MANILA, Philippines — Paris-based Financial Action Task Force (FATF) has urged the Philippines to speed up initiatives to address the remaining deficiencies to counter money laundering as well as terrorist and proliferation financing.
FATF president T. Raja Kumar of Singapore said the Philippines has been retained in the gray list or jurisdictions under increased monitoring after missing the January 2023 deadline to resolve remaining outstanding issues.
Kumar said in a hybrid press conference to culminate the three-day FATF Plenary held in France that the Philippines has yet to address 11 out of 18 action items since it was reincluded in the gray list in June 2021.
“So these are, you know, clear areas of deficiency and I urge the Philippine government to press the accelerator and continue to put in the necessary resources, the high level political commitment to essentially complete these remaining action items,” Kumar said in reply to a question by The STAR.
According to the FATF, The Philippines should continue to work on implementing its action plan to address its strategic deficiencies by demonstrating that effective risk-based supervision of DNFBPs is occurring; demonstrating that supervisors are using anti-money laundering/combating the financing of terrorism (AML/CFT) controls to mitigate risks associated with casino junkets; as well as enhancing and streamlining law enforcement agencies access to beneficial ownership information and taking steps to ensure that the information is accurate and up-to-date.
Furthermore, the global dirty money watchdog saidthat the Philippines should also continue demonstrating an increase in the use of financial intelligence and an increase in money laundering investigations and prosecutions in line with risk; demonstrating an increase in the identification, investigation and prosecution of terrorism financing cases; and enhancing the effectiveness of the targeted financial sanctions framework for both TF and PF by demonstrating that designated non-financial businesses and professions (DNFBPs) understand their obligations.
“What I would urge the Philippines and the Philippine government specifically to do is to take action to commit and complete these action plans,” Kumar said.
According to Kumar, areas that need focus for the Philippines include ensuring that regulation and supervision of high risk sectors that this is actually working as well as implementing AML/CFT controls to mitigate the risks relinked to casino junkets.
He also cited the need to increase money laundering and terrorist financing investigations and prosecutions in line with its risks and context.
After the Philippines made a high-level political commitment in June 2021 to work with the FATF and Asia Pacific Group on Money Laundering (APG) to strengthen the effectiveness of its AML/CFT regime, the Paris-based watchdog said the deadlines given to the Philippines have now expired despite the country’s continued progress across its action plan.
The Philippines joins 22 other countries in the gray list, while both Cambodia and Morocco were no longer subject to increased monitoring by the FATF.

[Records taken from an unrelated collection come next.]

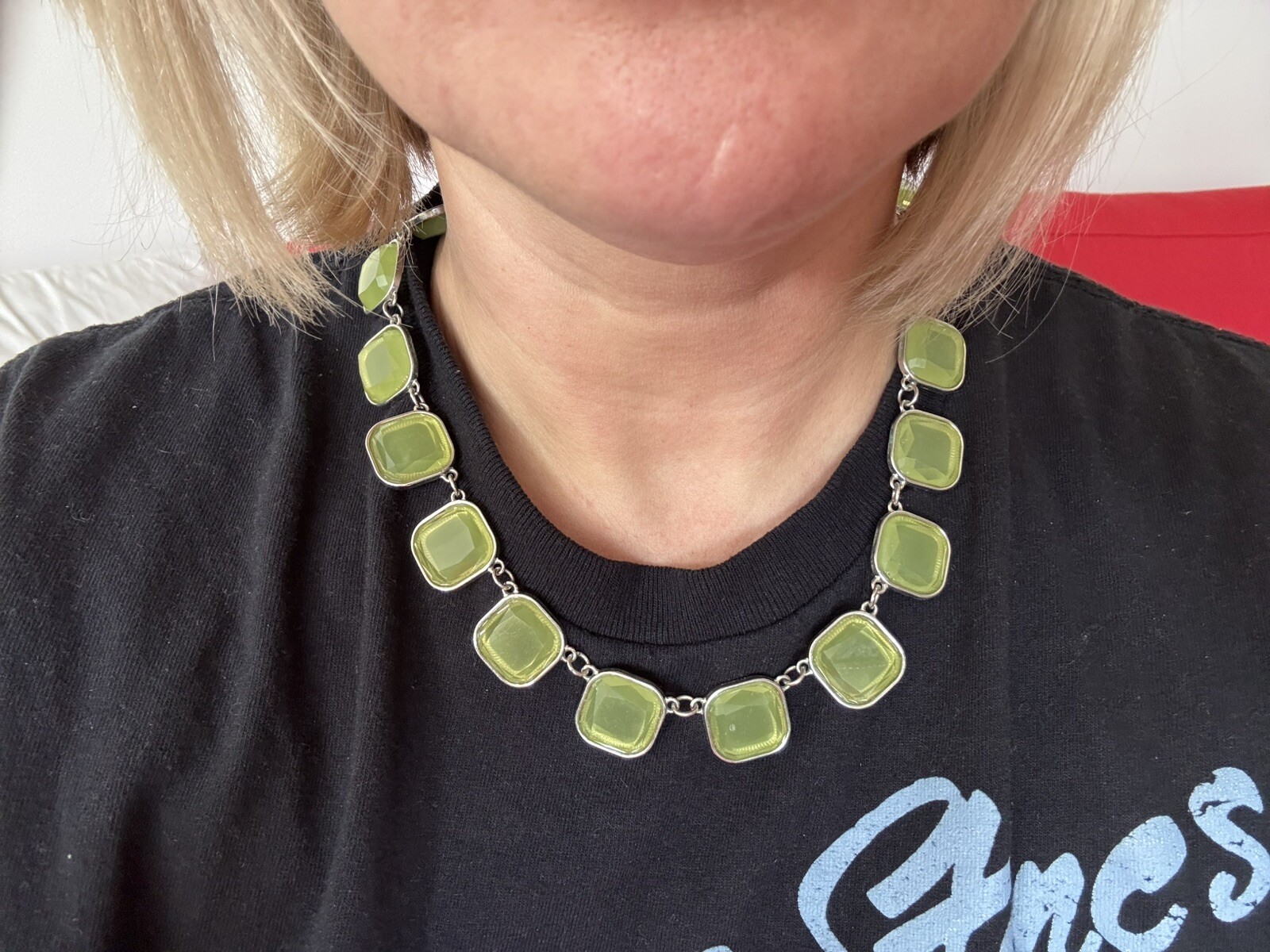 This beautiful necklace is a perfect statement piece for any outfit. The striking green color is sure to draw attention and add a pop of color to your wardrobe. The necklace is designed with a unique style that is both elegant and eye-catching. It is made with high-quality materials to ensure durability and longevity. The necklace is perfect for any occasion, whether you're dressing up for a night out or adding a touch of glamour to your everyday look. It is a great accessory for any jewelry collection and is sure to become a staple in your wardrobe. This necklace is a must-have for any fashion-forward woman who wants to make a statement with her jewelry.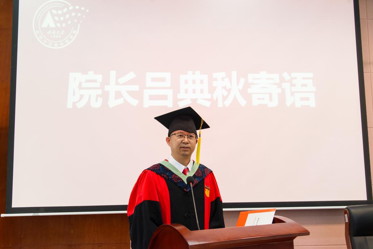 学院院长吕典秋在致辞中高度肯定了本届毕业生取得的优异成绩。本届本科毕业生升学率达56.36%,124人被北京大学、中国科学院、香港大学等国内外知名高校录取,另外有13人升入PA视讯官网或进入学校博士后工作站。吕院长勉励毕业生们要胸怀“国之大者”,做新时代的追梦人;要有“脚下沾满泥土的”实践精神,做懂农业爱农村的新农人;保持“知足知不足”的智慧,做自己人生的掌舵者。最后,他深情表示:“无论你们走得多远,学院永远是你们的精神家园。”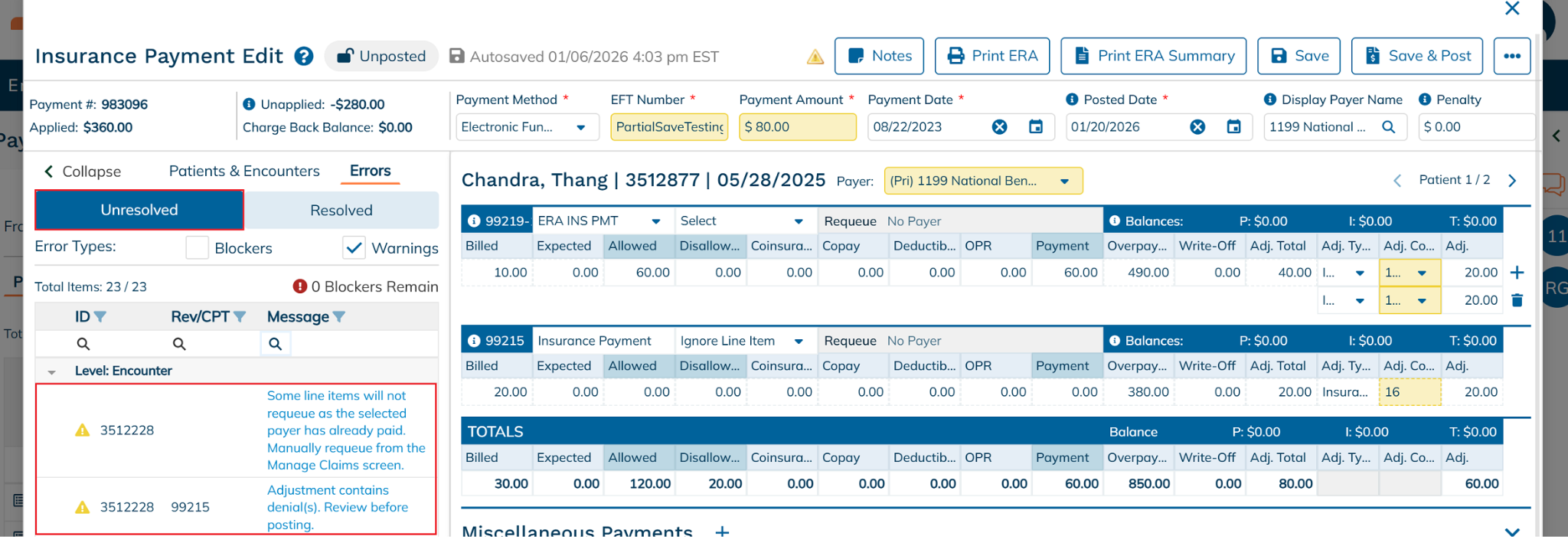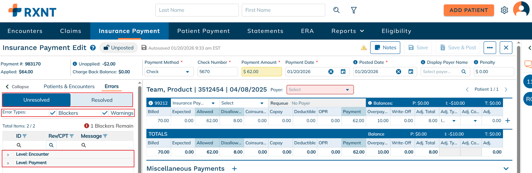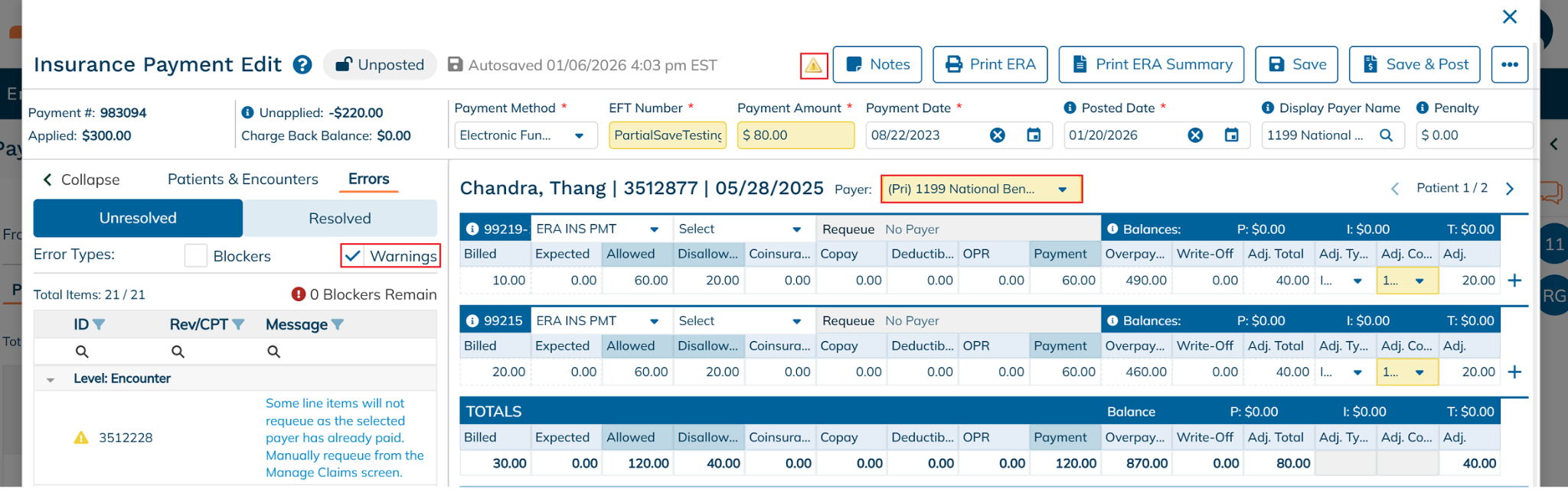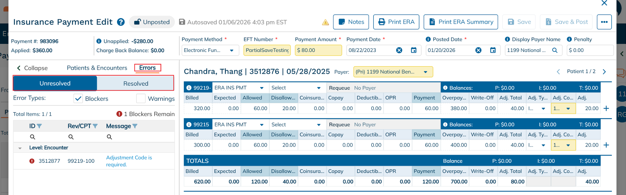 - Encounter-Level Blocker: A special blocker occurs when an ERA payment is received at the encounter level. This error is displayed in the error banner and can be resolved by clicking the Resolve button.
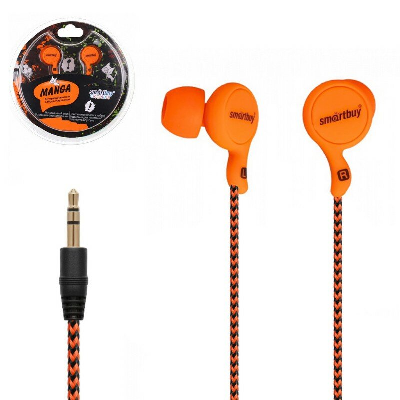 Наушники проводные пассивные SmartBuy MANGA, оранжевые (арт. SBE-1040)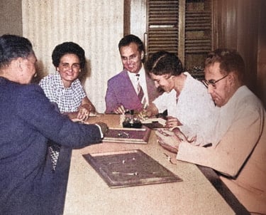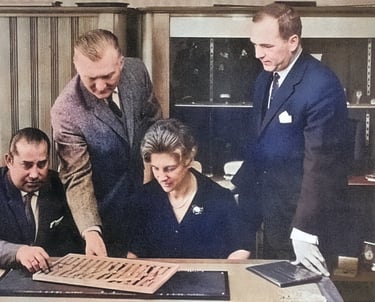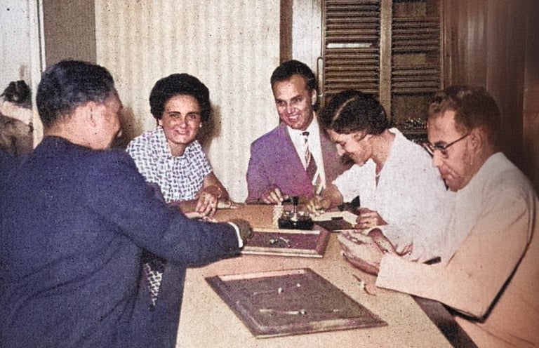 Mr Enrico Mottironi, Mrs Fried, Mr Fredy Zaugg, Mrs Paulette Dreyfus, Mr Fried (Ardath agent for Latin America) 1959, Geneva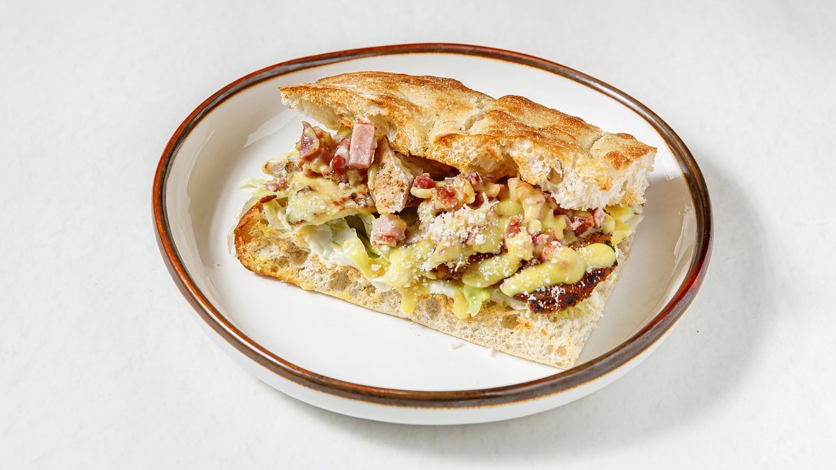 Παναρισμένο κοτόπουλο σε foccacia με bacon, παρμεζάνα iceberg και caesars sauce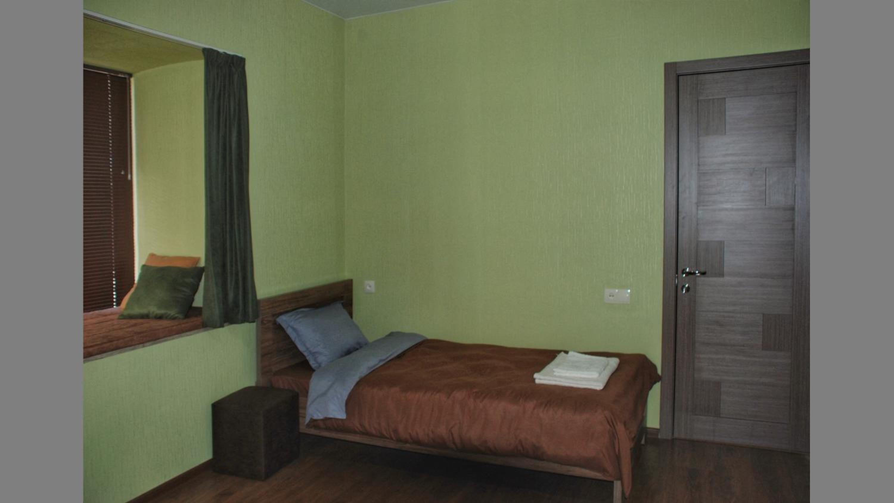 Интересный образ гостевого дома (это не отель) на картинке, в принципе соответствует реальности, но по факту он такой симпатичный только с лицевой стороны ), но на проживание это не влияет. Интересный номер, с лежаком на подоконнике. Автомобиль парковал на дороге перед окном.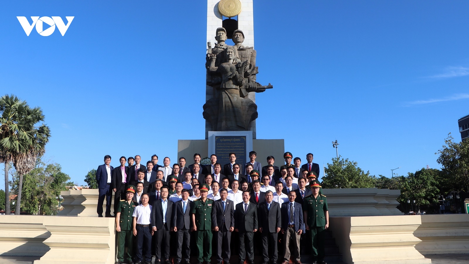 VOV.VN - Nhân 79 năm Ngày thành lập Quân đội nhân dân Việt Nam và 34 năm Ngày hội Quốc phòng toàn dân, cơ quan Tùy viên quốc phòng Việt Nam tại Campuchia phối hợp cùng Đại sứ quán Việt Nam và các cơ quan đại diện Việt Nam tại Campuchia tổ chức dâng hoa, dâng hương tại tượng đài Hữu nghị Việt Nam - Campuchia ở Phnom Penh.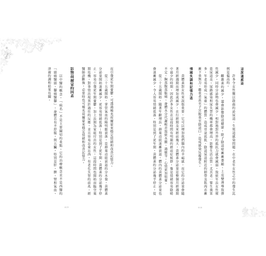 美容煩惱、睡眠困擾、月經失調、骨質疏鬆、更年期問題統統解決!女性的生理週期以「7」的倍數,每隔7年就進入另一個階段。35歲以前是巔峰期,35歲起,身體逐漸老化;42歲開始,健康發出警訊;到了49歲,則正式進入更年期。在這三個「關鍵7年」必須確實做好保養,才不會出現荷爾蒙失調、月經紊亂、慢性疲勞、皺紋色斑、身材走樣等「假性衰老」現象。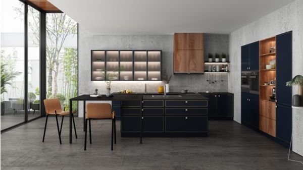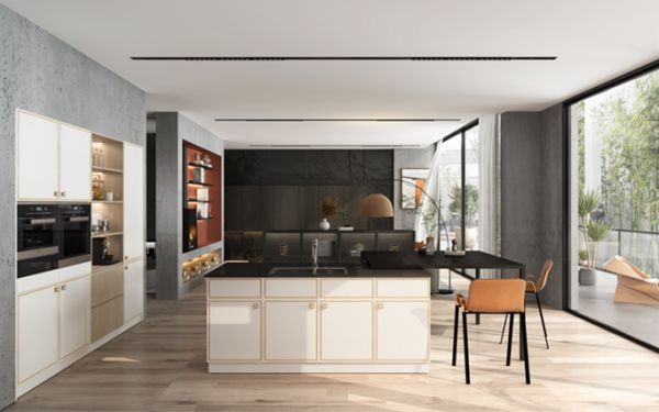 “未央”合理的布局使房间看上去宽敞通透、舒适自然。选用大理石背墙,油污易清理,耐磨耐刮,耐高温,美观性高。长虹玻璃柜通透明亮,增加空间的质感。搭配金属层板,兼具实用性与颜值。设计师将木质材料的使用作为空间设计的重中之重。原木色和黑胡桃深色,一深一浅的木质调,仿佛水墨或浓或淡的晕染,为素白的空间带来更多层次感。餐边区、洗涤区和便餐区分区明确又不刻板。遵从国风宽敞简练的内设传统,“未央”将厨房空间扩大,增加餐厨的收纳空间,每个空间看似独立却又相互串联。看似彼此矛盾,却也产生恰到好处的融合之美。独立使用的时候可以保证功能分区,但当他们合并在一起,生活也就有了重叠。当晨光打在玻璃柜上时,爸爸在折射的五彩斑斓的阳光中为家人准备早餐。当厨房阵阵飘香后,妈妈终于把小朋友唤醒换好衣服,手牵手来到摆放早餐的吧台,父母和睡眼惺忪的小朋友一起享受营养美味的早餐时刻。午休后,一家人一起烘焙一个甜品或是一起准备晚饭,一边感受都市中独有的宁静,告别外界的纷扰,清闲度日,一边看着小朋友嘻嘻哈哈玩耍,正所谓“人间烟火气,更抚凡人心”,体会生活的温暖和陪伴。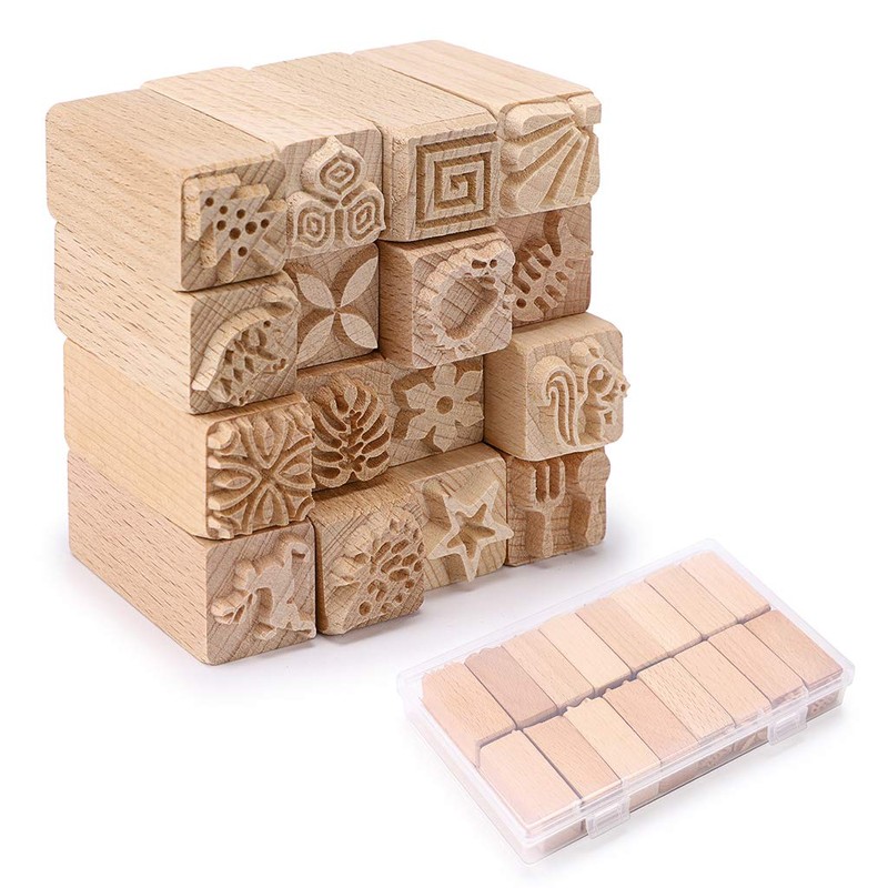 Sumnacon Pottery Clay Tools Stamp Mold, Wooden Pottery Supplies, Clay Stamp Tool, Hand Roller, Different Patterns (Set of 16)

Countries in the black list or jurisdictions subject to call for action include North Korea, Iran, and Myanmar.
Meanwhile, Kumar also announced the suspension of Russia’s membership in the FATF for its “illegal, unprovoked and unjustified full-scale military invasion of Ukraine.”
In 2020, the FATF placed the Philippines in the list or non-cooperative countries and territories or the blacklist for having no legal anti-money laundering framework.
The passage of Republic Act 9160 or the Anti-Money Laundering Act of 2001 (AMLA) as well as its amendments through RA 9194 paved the way for the removal of the Philippines from the black list in 2003. Since then the Philippines was in and out of the gray list or jurisdictions under increased monitoring.
Last month, Bangko Sentral ng Pilipinas and Anti-Money Laundering Council chairman Felipe Medalla admitted that the Philippines indeed missed the January deadline to address strategic deficiencies in the country’s AML/CFT framework.
According to Medalla, the Philippines need to show that it could enforce measures to counter money laundering and terrorist financing.
“(They’re) saying ‘well, you’re in a gray list but you have a year to prove yourself. January 2024, what happens between now and then is much critical. What we’re saying now is the problem is enforcement,” Medalla said.